■ The task
Copy task, pictures excluded: set down exactly the lines from the one containing "0 | Maternity |" to the end of the data below.

■ Recorded data
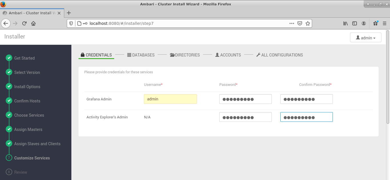 Ensuite l'assistant vous demande de spécifier les mots de passe que souhaitez utiliser pour Grafana et Activity Explorer. Saisissez le mot de passe fenestros dans chaque cas puis cliquez sur le bouton NEXT :
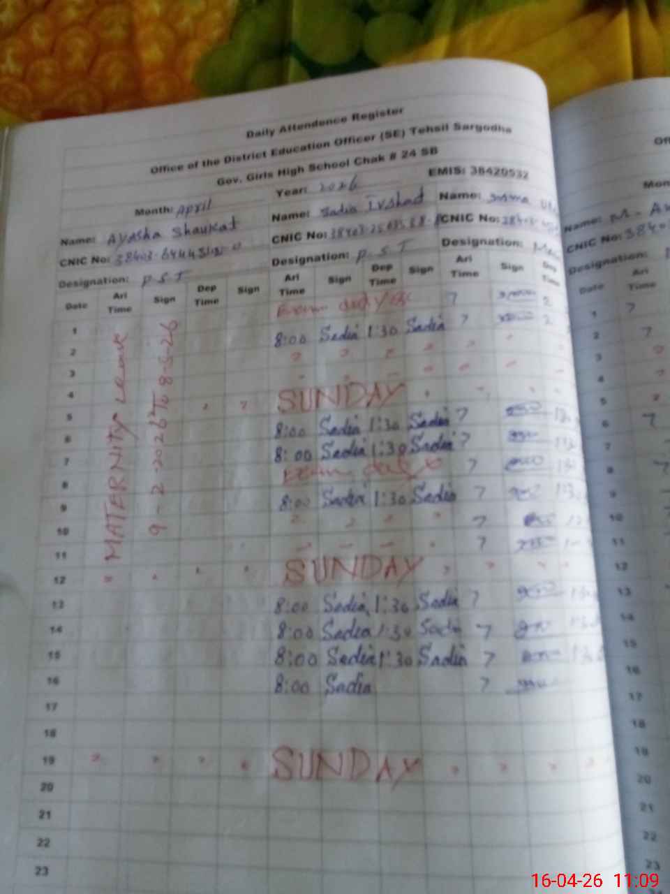 | 38**** | Ay**** Sh**** | PST Science/Maths | Regular | 31 | 0 | 0 | 31 | 0 | 0 | 0 | 0 | 0 | Maternity |
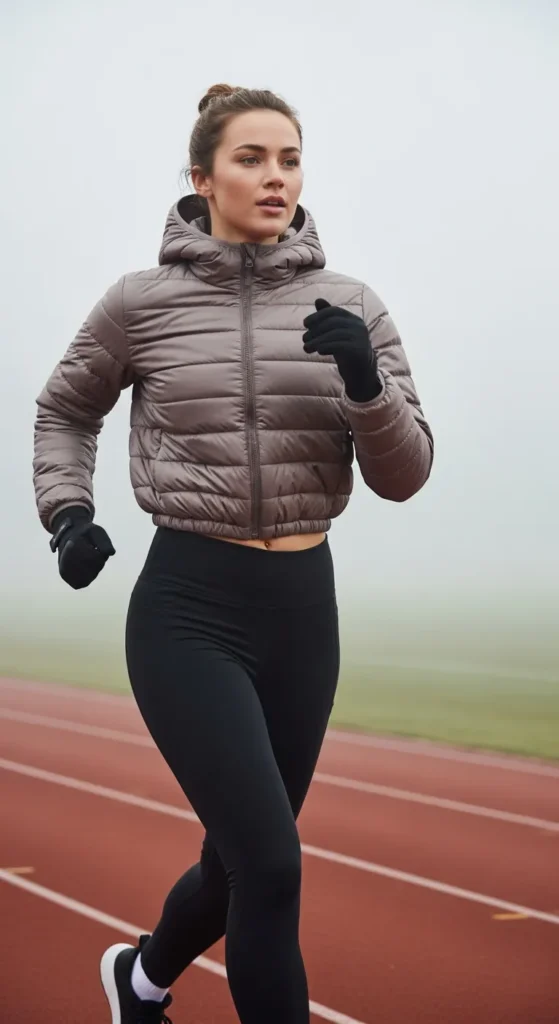 A cropped lightweight down hoodie paired with winter-weight biker leggings is perfect for cold-weather cardio days. Warm but athletic, cute but intentional.
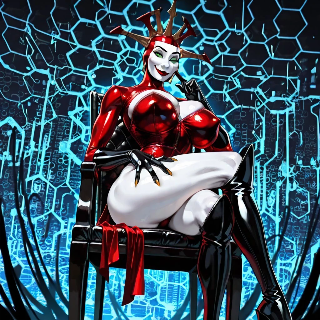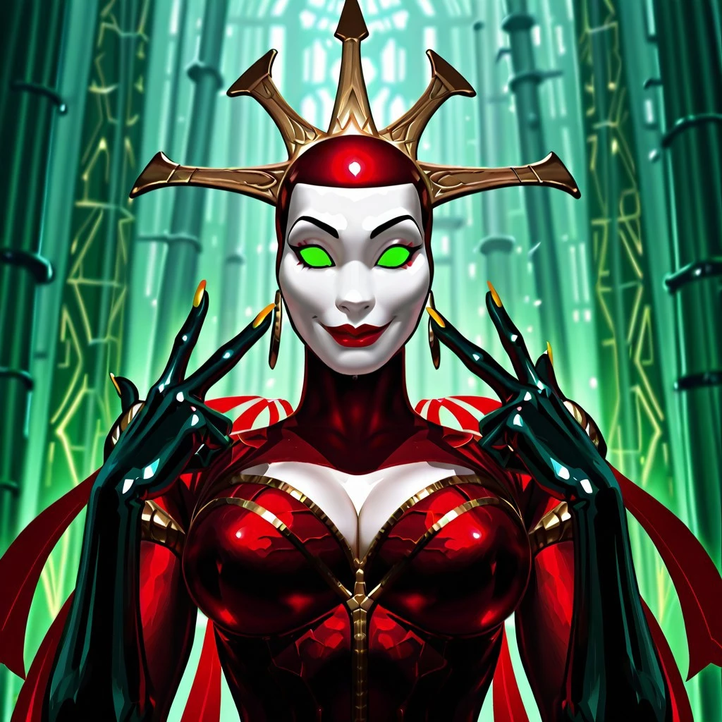 monster female, solo, curvy, breasts, red with coif, five point crown, black opera gloves, thigh-high black boots, long yellow nails, red ribbon mantle, red lips, wicked smile, closed lips, white mask face, single color green eyes,

■ Exercise output
 | 38**** | Ay**** Sh**** | PST Science/Maths | Regular | 31 | 0 | 0 | 31 | 0 | 0 | 0 | 0 | 0 | Maternity |
 A cropped lightweight down hoodie paired with winter-weight biker leggings is perfect for cold-weather cardio days. Warm but athletic, cute but intentional.
 monster female, solo, curvy, breasts, red with coif, five point crown, black opera gloves, thigh-high black boots, long yellow nails, red ribbon mantle, red lips, wicked smile, closed lips, white mask face, single color green eyes,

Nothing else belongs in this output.